A Comparative Assessment of Regularized Regression Techniques for Modeling the Mechanical Properties of Rubberized Concrete

Over the last few decades, many researchers have investigated the properties and behavior of concrete mixtures incorporating rubber-based solid wastes as a partial substitution of natural aggregates. Within this context, they have conducted experimental studies and developed numerical models that simulate the nature of rubberized concrete. Some of these mathematical simulations were intended to provide a rapid mixture of proportioning approaches and property estimation methods. Currently, it is believed that regression analysis provides an effective tool to simply construct a mathematical expression that models a set of data. For that reason, multiple linear regression was extensively utilized in predicting rubberized concrete properties in the literature. However, the performances of regularized regression analysis approaches were not evaluated even though they provide better alternatives to traditional regression methods in terms of controlling the overfitting issue.
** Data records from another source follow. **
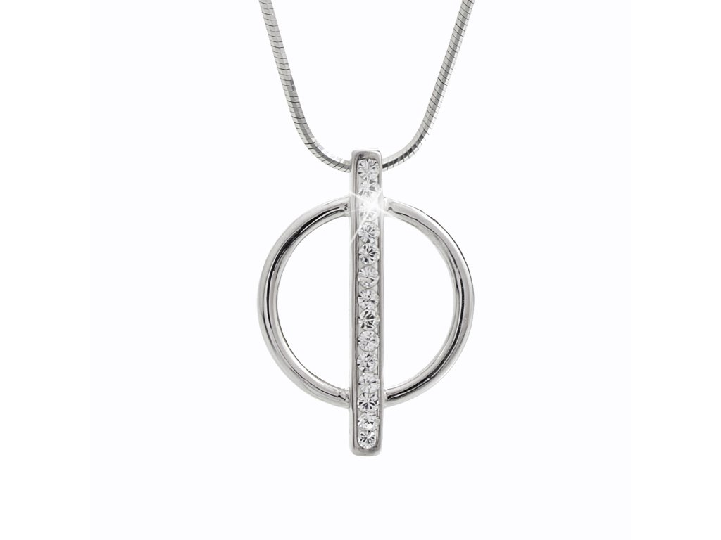 Stříbrný náhrdelník s přívěskem kruhu s čárkou a krystaly Swarovski Crystal (Stříbro 925/1000)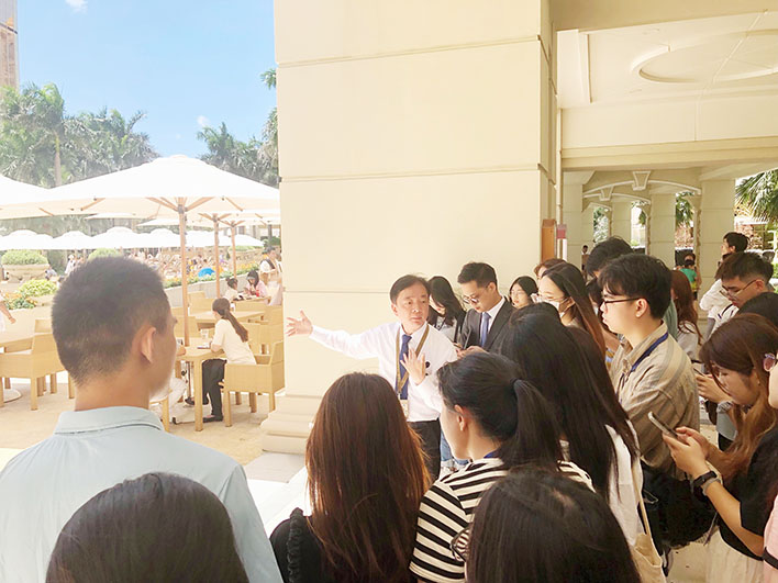 其中,銀娛先後接待了來自世界各地近 50 間大專院校、來澳參與「2023 年澳門大學合作院校優秀學生夏令營」的優秀學生,以及與澳門大學進行交流互訪活動的北京大學師生。在銀娛公共關係部及人力資源部代表親身帶領下,兩個交流團分別參觀了銀娛旗下「澳門銀河™」綜合度假城一系列綜合休閒娛樂設施,包括廣受歡迎的天浪淘園與多個酒店品牌,以及銀河國際會議中心、銀河綜藝館等全澳門最嶄新的會議展覽及娛樂表演場地與設備;亦特意組織款客事務及會展銷售部、貴賓司膳服務部、工程事務部等多個部門的團隊成員向其介紹各項設施的運作模式,分享自身專業知識及實務經驗,並與學生展開交流互動,讓其從中了解銀娛「傲視世界 情繫亞洲」的理念,並深入認識澳門作為「世界旅遊休閒中心」發展定位的豐富「旅遊+」元素,現場氣氛活躍熱鬧。
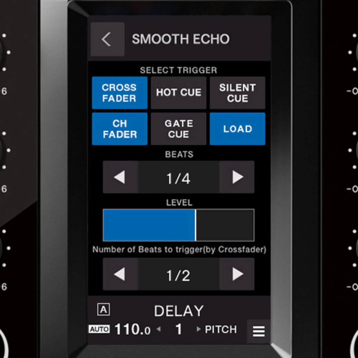 Spice up your sets with 22 Beat FX, including the new Fader Pitch and Helix. Smooth Echo is a new effect that you can automatically engage when you move the faders or hit the pads you’ve assigned as triggers.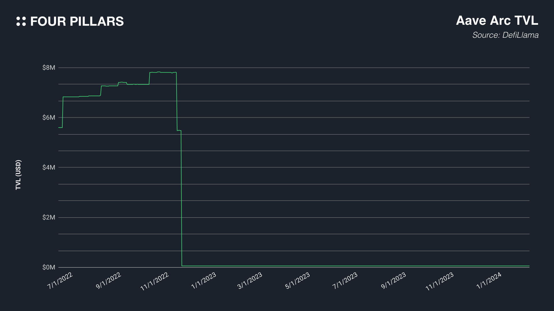 Unfortunately, despite initial significant fund utilization, the TVL in Aave Arc plummeted following the bankruptcy of FTX in November 2022 and the impact on many institutions. The sharp rise in U.S. interest rates in 2022 also contributed to the declining demand for DeFi. Currently, only about $58k is deposited in Aave Arc, which seems like no one is using now.

This study aims to assess the performance of Ridge, Lasso, and elastic net regression models in estimating the compressive and tensile strengths, and modulus of elasticity of rubberized concrete. Additionally, it intends to benchmark their capabilities against the traditional multiple linear regression method. Multiple linear regression, Ridge regression, Lasso regression, ElasticNet regression, Bayesian ridge regression, Stochastic gradient descent, Huber regression, and Quantile regression methods were used in the study. In general, the research findings illustrated the superior performance of regression assessment in modeling the mechanical properties of rubberized concrete. Indeed rubberized concrete mechanical properties can be better modeled using regularized regression techniques, such as ElasticNet-based SGD compared to traditional methods, such as MLR.